You could also just have a compact array of pairs and then generate the sentences in the browser instead of having half a million pre-generated strings.
I feel that to really make this work you would need to filter words with common origins. Like, if one word appears in the dictionary definition of the other word, they likely aren't going to be funny.
Examples:
YOU PUT THE REFINE IN REFINERY.
YOU PUT THE DETECT IN DETECTS.
YOU PUT THE POLYTECHNOLOGY IN POLYTECHNOLOGIES.
But words with no commonality at all and a good rhyme are brilliant.
Hmm, rhymes don't really do it for me. I might even filter out rhymes if I built this. I've heard humans use this format often enough, and I don't think I've ever heard someone use a rhyme. It's just too easy. Putting "the cologne in colonialism" is significantly better.
Yeah, I think the currently allows 1-phoneme differences. I think it would be better if it only allowed 2-3+ phoneme differences when at the end of the word. -s -ies -y arent interesting suffixes.
There are also some that are just nonsensical but when you read a dozen of these in a row, they feel actually kind of funny. Just tunes your brain to a different wavelength.
This is great! Just wish it was possible to filter out uncommon words. I have no idea what half of them means or how they're supposed to be pronounced (non-native).
Maybe they should do a You Can't Spell X without Y snowclone generator next.
Detractors of the popular genre of music often trot out the old adage "you can't spell crap without rap", but what most people fail to realize is that you can't spell fish and chip shop without hip hop.
This reminds me of the time I needed to generate some names for testing, and I simply combined the Social Security list of most common first and last names at random. It turns out that the vast majority of possible name combinations are terrible. Not quite "Sleve McDichael" from the notorious Super Famicon game, but close.

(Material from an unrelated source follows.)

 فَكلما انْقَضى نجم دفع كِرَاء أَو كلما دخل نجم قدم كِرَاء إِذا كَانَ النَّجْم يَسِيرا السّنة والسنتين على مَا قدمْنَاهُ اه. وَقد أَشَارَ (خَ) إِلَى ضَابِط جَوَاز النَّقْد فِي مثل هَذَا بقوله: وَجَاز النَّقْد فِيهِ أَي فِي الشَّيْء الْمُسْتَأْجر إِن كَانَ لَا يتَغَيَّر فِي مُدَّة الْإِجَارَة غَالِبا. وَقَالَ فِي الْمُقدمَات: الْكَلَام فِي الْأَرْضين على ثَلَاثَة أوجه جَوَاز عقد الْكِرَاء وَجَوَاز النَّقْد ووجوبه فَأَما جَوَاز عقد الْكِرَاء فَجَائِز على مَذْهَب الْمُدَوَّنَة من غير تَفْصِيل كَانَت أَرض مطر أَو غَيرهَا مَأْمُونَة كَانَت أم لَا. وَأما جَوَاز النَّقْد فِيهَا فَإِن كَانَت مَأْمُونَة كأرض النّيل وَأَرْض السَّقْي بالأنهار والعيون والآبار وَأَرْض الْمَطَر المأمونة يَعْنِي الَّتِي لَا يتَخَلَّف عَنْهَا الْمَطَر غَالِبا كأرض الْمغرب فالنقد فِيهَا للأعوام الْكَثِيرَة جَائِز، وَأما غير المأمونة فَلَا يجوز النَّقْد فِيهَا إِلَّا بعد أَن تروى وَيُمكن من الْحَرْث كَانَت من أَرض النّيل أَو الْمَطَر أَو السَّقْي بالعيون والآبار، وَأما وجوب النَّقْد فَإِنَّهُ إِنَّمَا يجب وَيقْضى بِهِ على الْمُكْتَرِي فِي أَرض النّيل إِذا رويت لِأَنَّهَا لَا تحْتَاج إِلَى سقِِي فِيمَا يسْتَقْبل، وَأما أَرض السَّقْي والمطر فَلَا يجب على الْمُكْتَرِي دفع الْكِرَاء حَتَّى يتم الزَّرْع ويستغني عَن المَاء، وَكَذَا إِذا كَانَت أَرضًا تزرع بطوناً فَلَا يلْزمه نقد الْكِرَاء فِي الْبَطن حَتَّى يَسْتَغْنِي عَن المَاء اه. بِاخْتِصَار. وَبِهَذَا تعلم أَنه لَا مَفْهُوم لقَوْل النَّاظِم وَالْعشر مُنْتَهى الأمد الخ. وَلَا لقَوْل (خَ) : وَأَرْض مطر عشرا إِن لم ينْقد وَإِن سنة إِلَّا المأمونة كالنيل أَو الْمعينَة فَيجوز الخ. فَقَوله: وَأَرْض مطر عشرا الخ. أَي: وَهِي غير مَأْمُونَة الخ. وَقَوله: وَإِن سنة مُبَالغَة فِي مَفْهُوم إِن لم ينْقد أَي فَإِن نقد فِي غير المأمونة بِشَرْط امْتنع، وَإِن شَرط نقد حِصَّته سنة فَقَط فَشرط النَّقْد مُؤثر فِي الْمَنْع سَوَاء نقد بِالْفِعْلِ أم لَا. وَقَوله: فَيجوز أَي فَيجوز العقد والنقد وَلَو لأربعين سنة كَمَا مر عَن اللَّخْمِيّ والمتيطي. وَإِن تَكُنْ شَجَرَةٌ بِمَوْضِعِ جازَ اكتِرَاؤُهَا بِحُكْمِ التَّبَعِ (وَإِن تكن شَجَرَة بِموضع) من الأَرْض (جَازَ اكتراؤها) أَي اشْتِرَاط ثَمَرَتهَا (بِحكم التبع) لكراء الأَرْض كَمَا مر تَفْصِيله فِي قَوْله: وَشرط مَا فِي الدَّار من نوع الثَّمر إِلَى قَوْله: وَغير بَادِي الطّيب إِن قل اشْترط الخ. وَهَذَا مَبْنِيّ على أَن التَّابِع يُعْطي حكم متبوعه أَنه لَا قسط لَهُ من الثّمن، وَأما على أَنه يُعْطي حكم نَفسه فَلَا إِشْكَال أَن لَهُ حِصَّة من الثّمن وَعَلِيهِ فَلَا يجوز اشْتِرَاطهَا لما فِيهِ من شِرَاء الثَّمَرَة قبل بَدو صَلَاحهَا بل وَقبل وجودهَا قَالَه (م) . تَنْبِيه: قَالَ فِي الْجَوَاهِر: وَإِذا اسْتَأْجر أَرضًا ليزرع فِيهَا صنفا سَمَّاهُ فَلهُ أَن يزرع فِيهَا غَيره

Like this, I could read through a whole page of names before finding one that scans. Bennett Takeshita, e.g., is effectively unpronounceable.
I'm not positive what's going on here, but it seems like it's incorrectly detecting syllable divisions? If it thinks that the division is between "o" and "s" in the first and between "t" and "h" in the second, those results would make sense. I don't think anyone actually pronounces "reauthorize" like "warthog", though...
There really needs to be a filter to block these kinds of results.
I wish the word links would let me navigate the set of puns rather than going to google. X links should let me see all the combos that have the same word in the X position. Y links should do the same thing, mutatis mutandis.
Looks pretty great. If someone is looking to do something similar the NLTK has a library with mappings to the pronunciation or you can use soundex. I used the NLTK library for answering "How many rhymes are there in English"[1] but the phonemes were in a different format than IPA.
I don't know if there is something similar to the NLTK library with the mappings but for IPA
I noticed there's a few cases where a th sound puns with a t sound. For example, you put the OUGHT in ROTHMEYER. Intentional due to loose matching? Uncertainty in pronunciations? Or is this a bug where the θ phoneme is represented as the digraph th?
I've been looking for a good one that 1. includes variant pronunciations, and 2. distinguishes all phonemes, e.g. considers Rosa's and roses distinct. So far I haven't found any that fulfill these criteria.
If the author is reading I think a nice small improvement would be to prefix the Google search with "define" (as in: "define ${word}") to invoke Google's dictionary function.
Welp, I have to say it's a resounding success.